- What is being asked
Straight copy, no pictures: transcribe each entry as it stands.

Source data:
'''

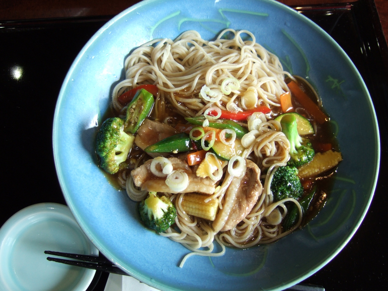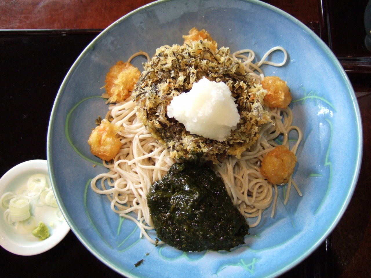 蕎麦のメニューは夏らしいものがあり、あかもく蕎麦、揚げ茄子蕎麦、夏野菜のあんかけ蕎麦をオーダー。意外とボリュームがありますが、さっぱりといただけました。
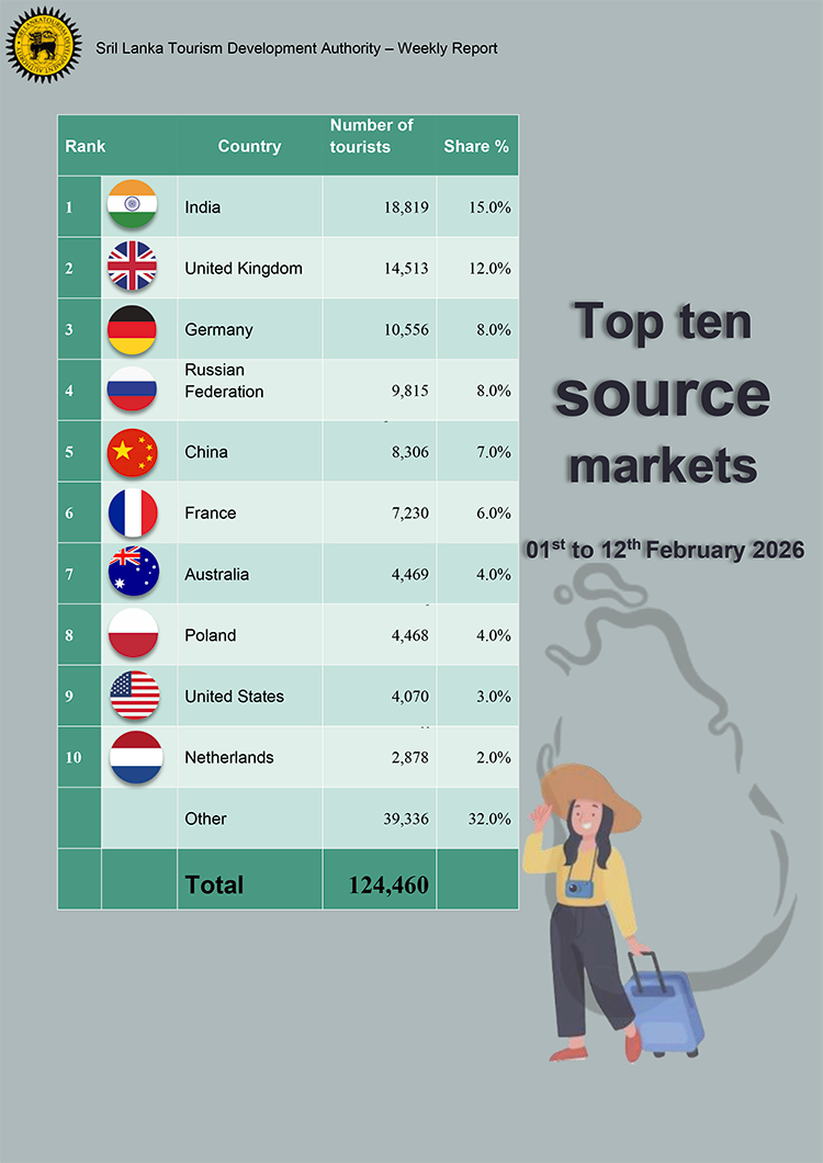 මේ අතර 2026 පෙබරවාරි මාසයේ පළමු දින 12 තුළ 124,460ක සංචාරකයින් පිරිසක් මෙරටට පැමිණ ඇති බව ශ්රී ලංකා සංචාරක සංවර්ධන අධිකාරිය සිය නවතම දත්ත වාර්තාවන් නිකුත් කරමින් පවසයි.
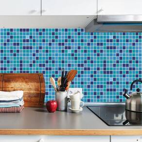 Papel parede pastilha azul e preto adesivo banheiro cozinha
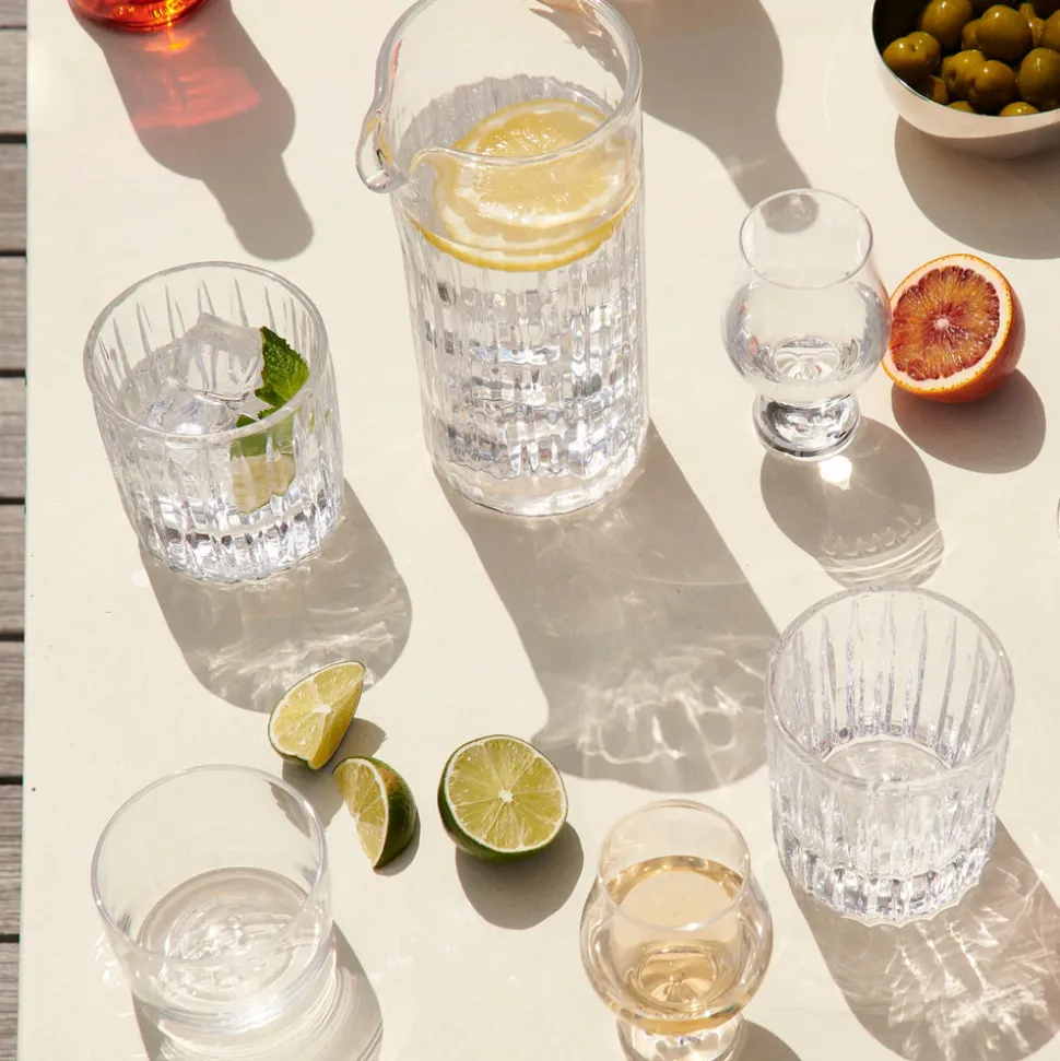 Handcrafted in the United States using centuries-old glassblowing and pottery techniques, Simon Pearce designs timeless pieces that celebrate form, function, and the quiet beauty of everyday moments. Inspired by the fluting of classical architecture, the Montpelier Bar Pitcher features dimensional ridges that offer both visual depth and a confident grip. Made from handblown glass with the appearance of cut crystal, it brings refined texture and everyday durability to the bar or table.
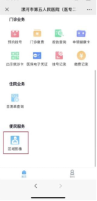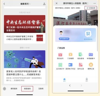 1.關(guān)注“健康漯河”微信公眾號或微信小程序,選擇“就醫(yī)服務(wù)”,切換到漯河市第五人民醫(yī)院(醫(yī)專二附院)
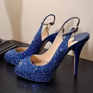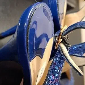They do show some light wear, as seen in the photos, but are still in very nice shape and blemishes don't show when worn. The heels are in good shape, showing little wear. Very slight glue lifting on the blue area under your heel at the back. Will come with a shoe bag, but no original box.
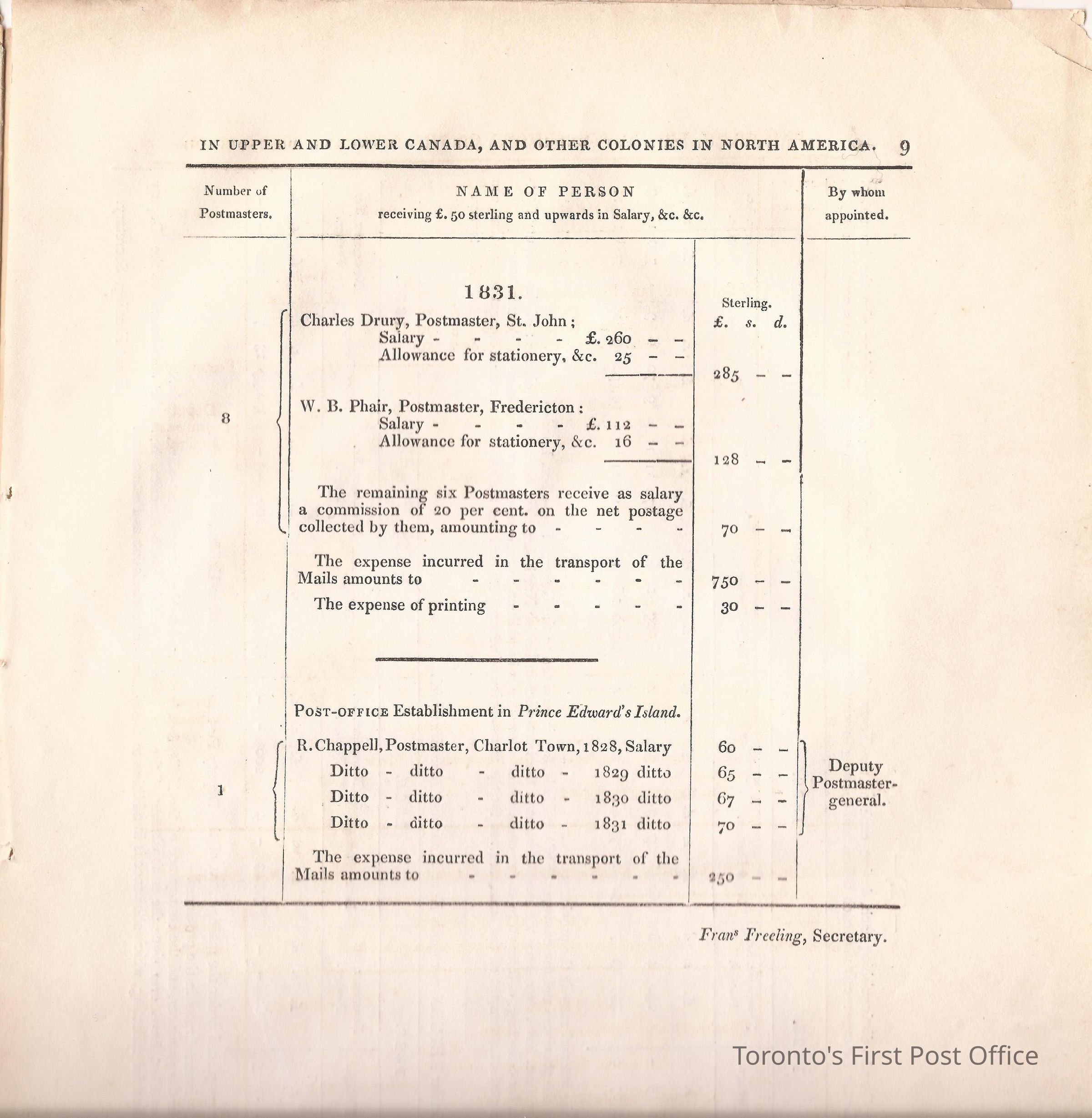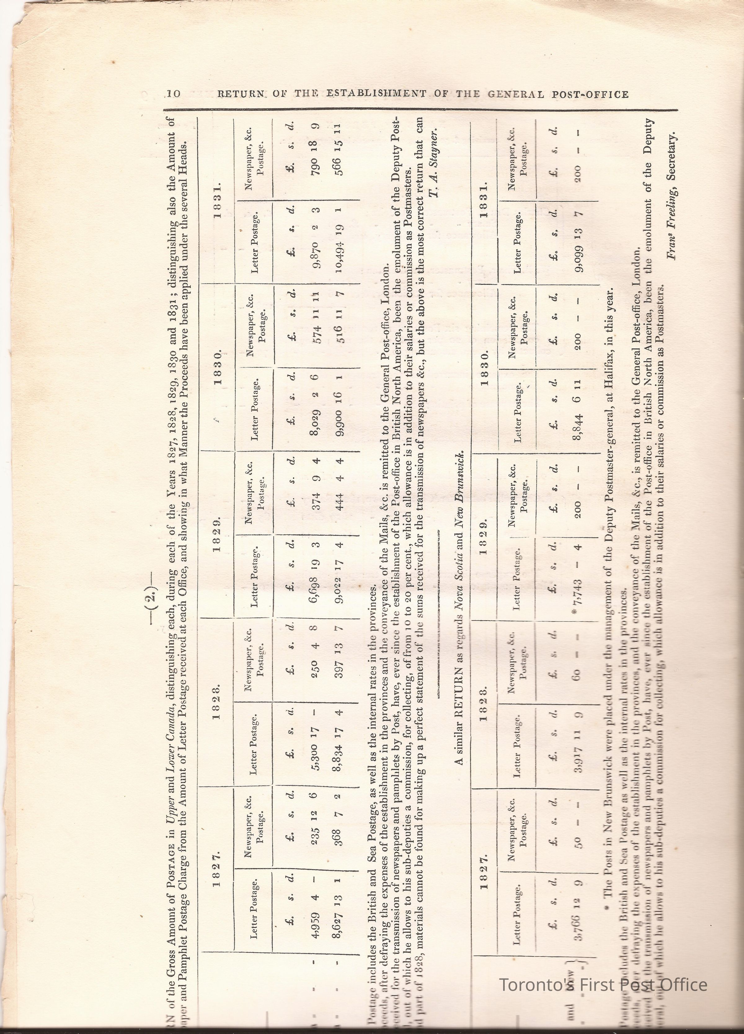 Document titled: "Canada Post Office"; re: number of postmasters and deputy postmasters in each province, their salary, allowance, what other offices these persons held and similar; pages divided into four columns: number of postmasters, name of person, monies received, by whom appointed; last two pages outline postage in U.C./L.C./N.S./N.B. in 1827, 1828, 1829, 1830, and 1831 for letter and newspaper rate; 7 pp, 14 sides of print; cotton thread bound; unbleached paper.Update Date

'''

- Finished exercise
 蕎麦のメニューは夏らしいものがあり、あかもく蕎麦、揚げ茄子蕎麦、夏野菜のあんかけ蕎麦をオーダー。意外とボリュームがありますが、さっぱりといただけました。
 මේ අතර 2026 පෙබරවාරි මාසයේ පළමු දින 12 තුළ 124,460ක සංචාරකයින් පිරිසක් මෙරටට පැමිණ ඇති බව ශ්රී ලංකා සංචාරක සංවර්ධන අධිකාරිය සිය නවතම දත්ත වාර්තාවන් නිකුත් කරමින් පවසයි.
 Papel parede pastilha azul e preto adesivo banheiro cozinha
 Handcrafted in the United States using centuries-old glassblowing and pottery techniques, Simon Pearce designs timeless pieces that celebrate form, function, and the quiet beauty of everyday moments. Inspired by the fluting of classical architecture, the Montpelier Bar Pitcher features dimensional ridges that offer both visual depth and a confident grip. Made from handblown glass with the appearance of cut crystal, it brings refined texture and everyday durability to the bar or table.
 1.關(guān)注“健康漯河”微信公眾號或微信小程序,選擇“就醫(yī)服務(wù)”,切換到漯河市第五人民醫(yī)院(醫(yī)專二附院)
They do show some light wear, as seen in the photos, but are still in very nice shape and blemishes don't show when worn. The heels are in good shape, showing little wear. Very slight glue lifting on the blue area under your heel at the back. Will come with a shoe bag, but no original box.
 Document titled: "Canada Post Office"; re: number of postmasters and deputy postmasters in each province, their salary, allowance, what other offices these persons held and similar; pages divided into four columns: number of postmasters, name of person, monies received, by whom appointed; last two pages outline postage in U.C./L.C./N.S./N.B. in 1827, 1828, 1829, 1830, and 1831 for letter and newspaper rate; 7 pp, 14 sides of print; cotton thread bound; unbleached paper.Update Date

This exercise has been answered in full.